俺たちはその邪魔にならないように門を潜ると、町中を突っ切って反対側へと抜けていった。その先には、様々な種類の船が停泊している波止場が見えてくる。
先ずは何より、マーナディア行きの船を見つけなければならない。すぐ近くを歩いていた、いかにも海の男といった風体の男性に尋ねると、すぐ近くにある大きな建物を指差した。
船舶の出入国管理を行っているのが、どうやらあの中央にある建物らしい。そこに赴けば、マーナディア行きの船もわかるだろう。

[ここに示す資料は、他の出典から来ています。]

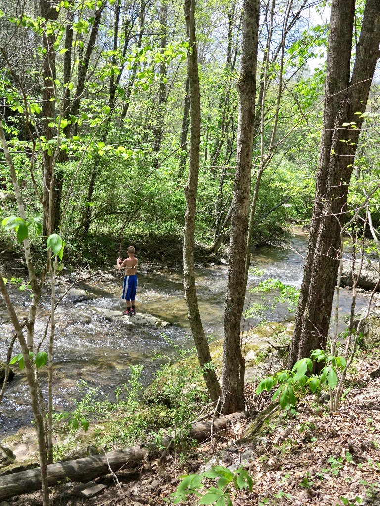 The trail is easy to follow and there are multiple bypasses, such as crossing the Appalachian Trail and random visitor stations, perfect for resting or a picnic. A beautiful scene I encountered was the fly fisherman in the river. I stopped for the first time to watch them as they gracefully cast their long fishing lines into the rocky fast-moving river. They told me they had caught trout and catfish.

俺たちは男性に礼を言うと、そのまま建物の中へと入っていく。
外から見た通り、内部はかなりの広さを誇る。ところどころ、船の模型が飾られており、シルヴィアがそれを興味深そうに覗きこんでいた。
しかし、人の数もまた多い。冒険者ギルドなどと同じように、制服を着込んだが職員たちが、受付を挟んで屈強な船員たちの相手をしている。更に幾人かの職員が俺たちの横を通り、外へと駆け出していった。手にある資料を見る限り、船の確認にでも行くのだろうか。ギルドの職員と比べたら、えらく忙しそうだ。
よくよく辺りを見てみると、どうにも人の波は片方に偏っている。俺たちは押し出されるように、人の少ない側へと抜けだした。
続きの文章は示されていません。